#### WHAT IS BEING ASKED
Look through the listing below for the line with "Damskie Skórzane Tenisówki" and the line with "Enhance your travel". Copy both, along with every line between them, exactly and with no pictures.

#### INPUT RECORDS
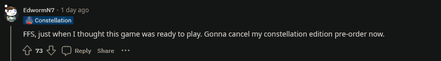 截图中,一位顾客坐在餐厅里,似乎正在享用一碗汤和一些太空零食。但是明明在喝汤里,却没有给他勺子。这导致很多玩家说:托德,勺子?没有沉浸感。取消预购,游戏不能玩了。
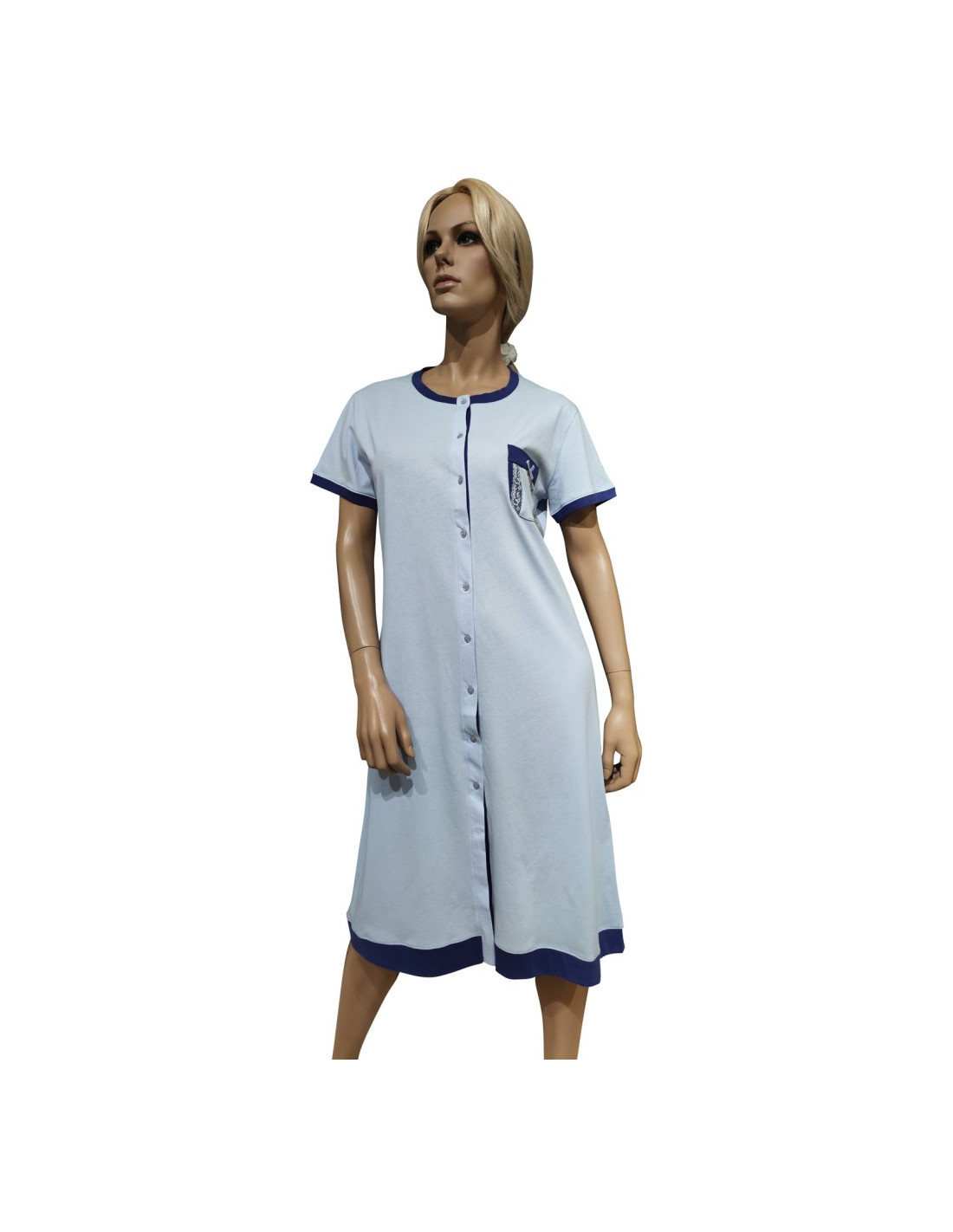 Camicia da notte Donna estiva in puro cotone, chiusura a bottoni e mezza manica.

==

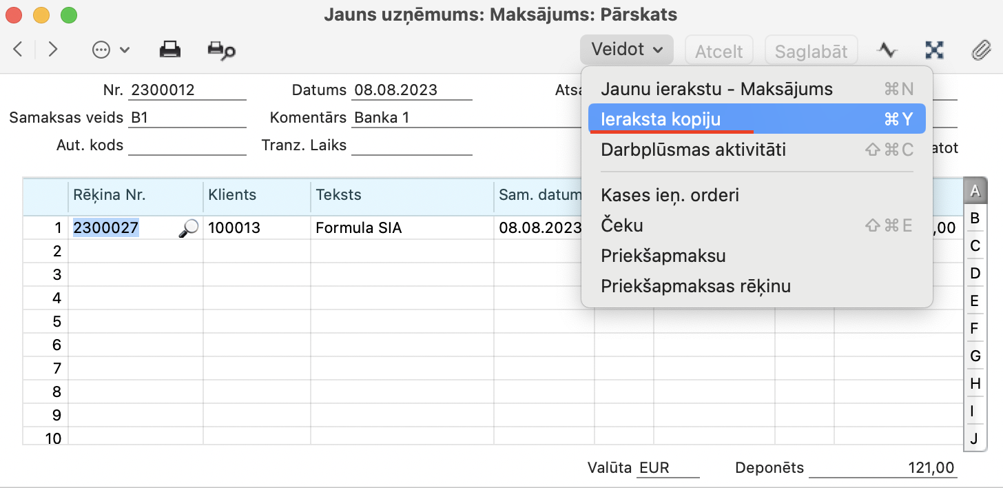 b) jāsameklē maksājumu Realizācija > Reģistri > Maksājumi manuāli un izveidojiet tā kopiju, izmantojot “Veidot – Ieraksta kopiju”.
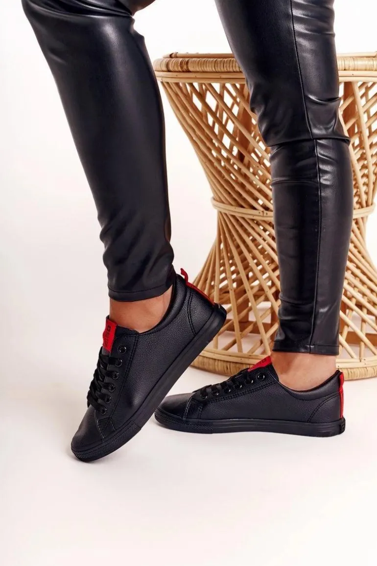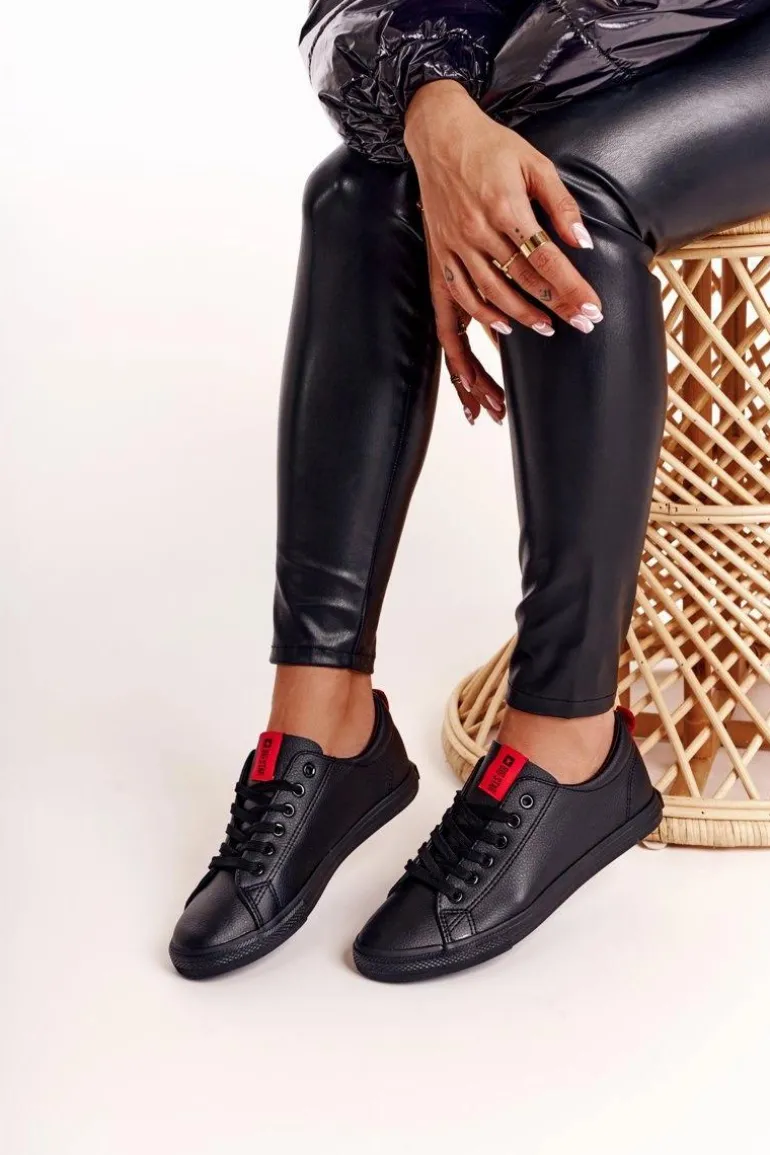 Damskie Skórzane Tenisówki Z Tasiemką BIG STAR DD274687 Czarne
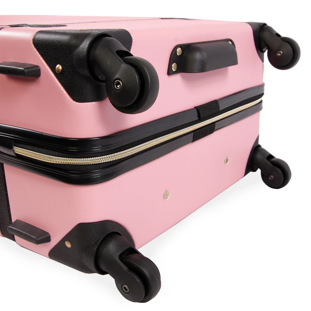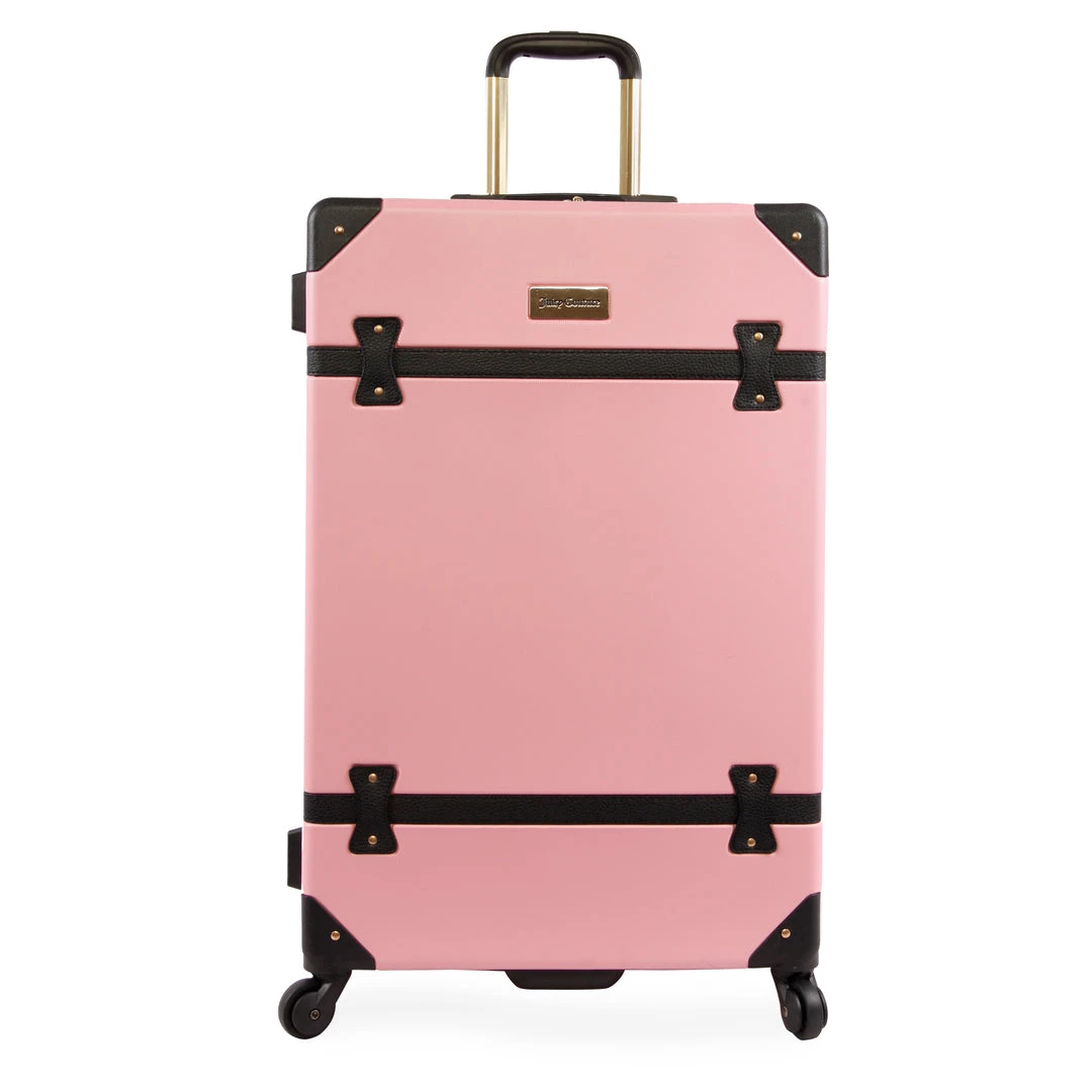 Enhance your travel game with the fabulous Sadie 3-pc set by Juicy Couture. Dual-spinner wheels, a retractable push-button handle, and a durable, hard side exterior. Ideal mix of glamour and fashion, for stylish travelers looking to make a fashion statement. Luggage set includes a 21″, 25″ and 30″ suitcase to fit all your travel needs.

#### ANSWER
 Damskie Skórzane Tenisówki Z Tasiemką BIG STAR DD274687 Czarne
 Enhance your travel game with the fabulous Sadie 3-pc set by Juicy Couture. Dual-spinner wheels, a retractable push-button handle, and a durable, hard side exterior. Ideal mix of glamour and fashion, for stylish travelers looking to make a fashion statement. Luggage set includes a 21″, 25″ and 30″ suitcase to fit all your travel needs.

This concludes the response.